The Club de Madrid’s international summit on 8-11 March 2005 and the Community of Democracies’ Santiago conference on 28-30 April lead the way towards a direct association of democratic networks and governments, potentially far more important than either G8 or its pop-cultural pressure-groups. This is because they put politics first, and acknowledge that workable democratic practice is the sole genuine enabler of both aid and trade. This is also the “common approach” that will, in the long run, disable terrorist reactions: as Soros put it, the connection is that “the lack of democracy can be a tremendous security threat to all of us”. 

 

More than most, George Soros is in a position to understand that connection.
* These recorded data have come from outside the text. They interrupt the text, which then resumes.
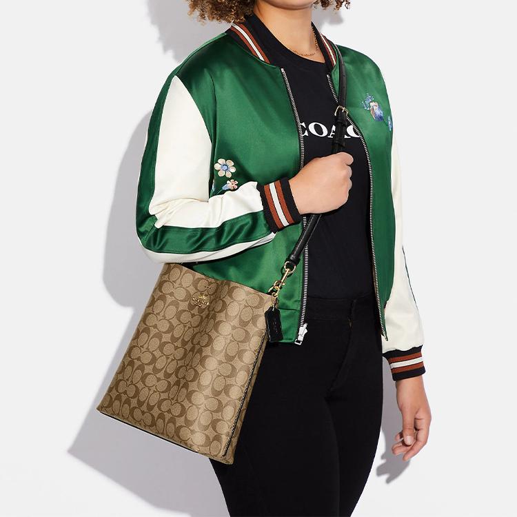 Новая холщовая сумка-ведро COACH Mollie с кожаной отделкой, сумка через плечо, сумка на плечо, большой размер, женская CA561-IMCBI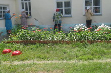 В МБДОУ "Шеланговский детский сад" идет ремонт. Руками сотрудников делается покраска групп, игровой площадки и здания.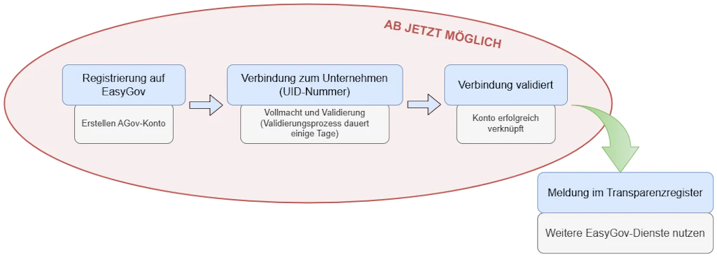 - Die Registrierung bei EasyGov kann bereits heute vorgenommen werden.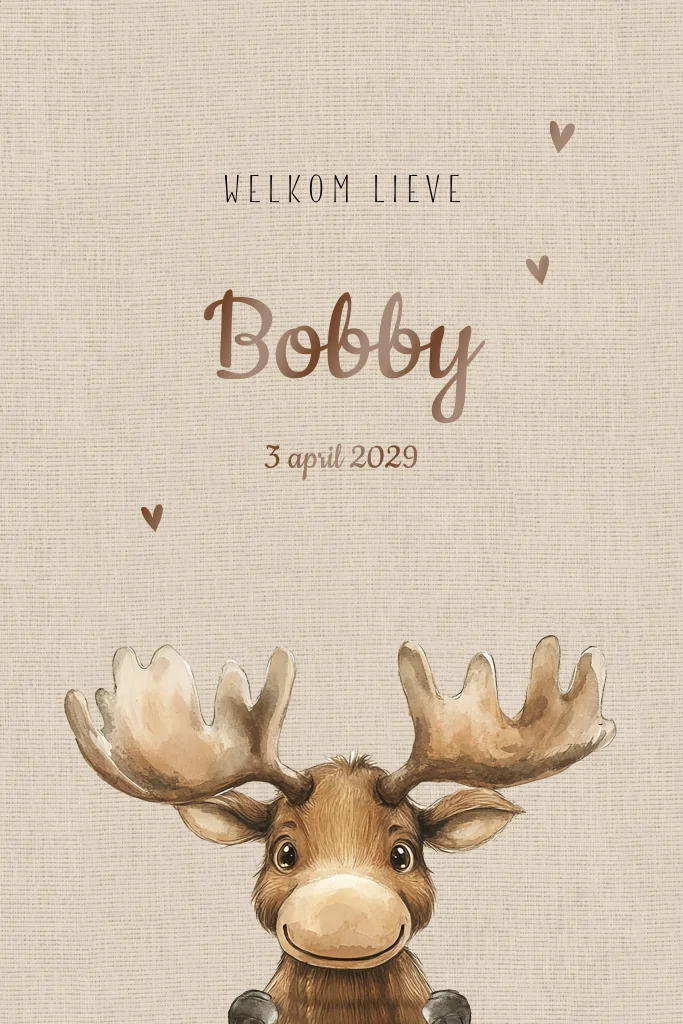 Verwelkom jullie zoon met dit stoere en lieve geboortekaartje met hert. Het getekende hertje met groot gewei staat vrolijk op een rustige beige achtergrond met linnenlook. Subtiele hartjes in hoogglans gedrukt maken het ontwerp speels en warm. Dit geboortekaartje met hert is eenvoudig te personaliseren met eigen teksten, kleuren en lettertypes in onze editor. Bestel een proefdruk en ervaar zelf hoe stijlvol dit kaartje is om de geboorte van jullie kindje aan te kondigen.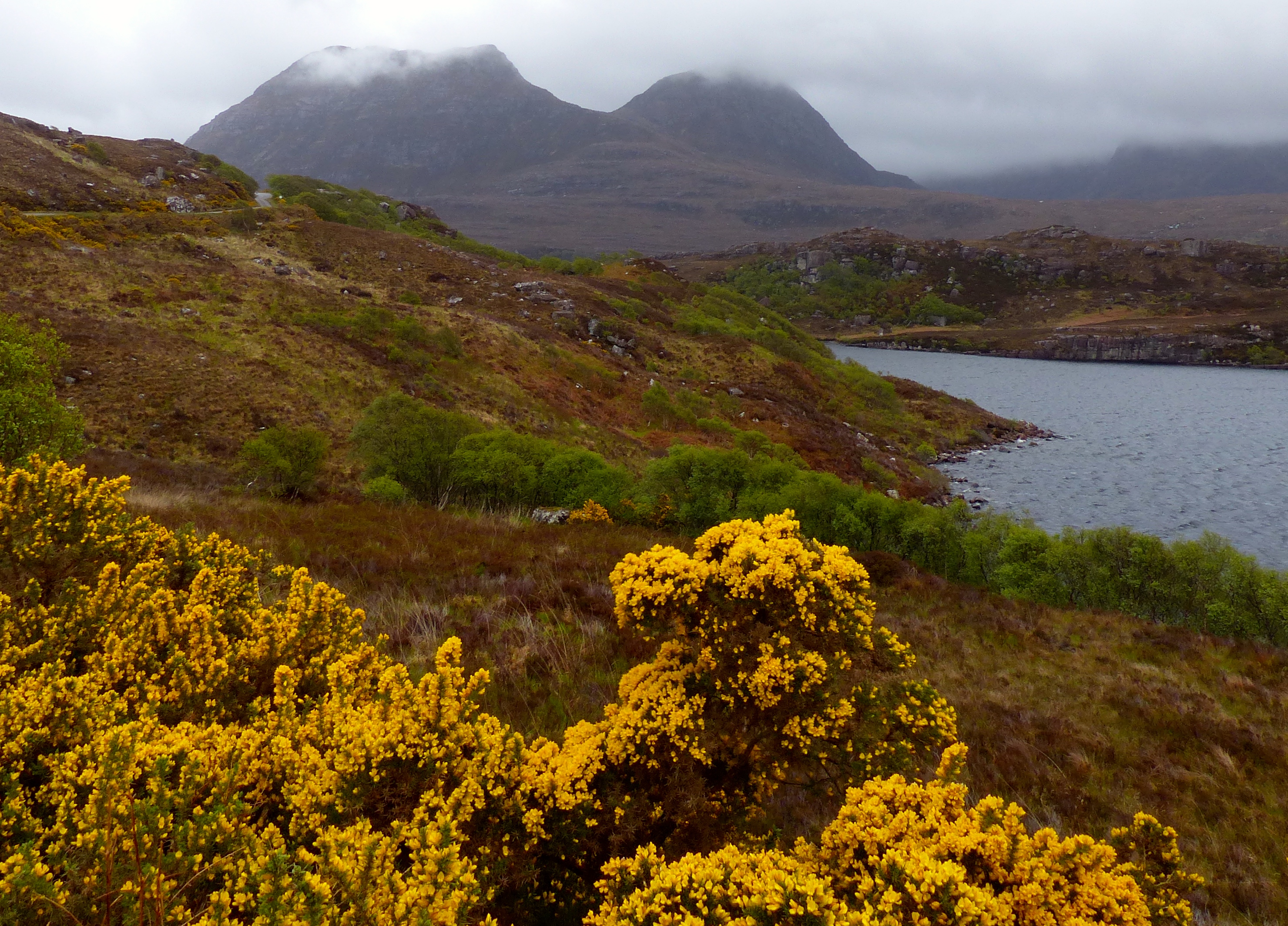 Then the little white houses of Ullapool appeared on the far horizon as we headed along Loch Broom, everything bathed in that cold , Far North light.The gorse was out everywhere, splashing the landscape with dazzling yellow.The hills still look a bit brown/ dullish green in May with none of the vibrant bright greens of true summer. It would be July before these developed and August before the heather started to really bloom.

His Open Society Institute’s original goal was to foster political democracy in post-communist east-central Europe; however, success there has driven him to recognise the miserable condition of political democracy elsewhere in the world, notably in the United States [see “America after 9/11: victims turned perpetrators”, May 2004] and the United Kingdom. 

 

A supreme irony of history whisked away the emperors’ robes, just as they went on parade. The saviours turned out to be in need, not just of crowns, but of vests and underpants. What had been tolerable under cold-war conditions proved insupportable under globalisation, as much of humankind found itself exposed to free trade without democratic-national protection. 

 

In other words, after Madrid and London democracy is no longer a fine-words principle, or a noble long-range goal. It is, disconcertingly, much more like the sole technology now available for societal survival and humane development. A subterranean reclassification has accompanied the earth-shifts of post-1989, and is still finding its way into different kinds of discourse. 

 

Let’s hope the underground bangs and the bloody remains of “7/7” will help it on its way. There’s a red thread out of them, and it doesn’t lead to Kingdom Come or Baghdad, but to [again in Soros’s words] “modest but constructive operations” around the world, linked to forming a “Democracy Caucus at the United Nations 
 to strengthen the UN’s ability to promote greater respect for human rights and the principles of an open society”.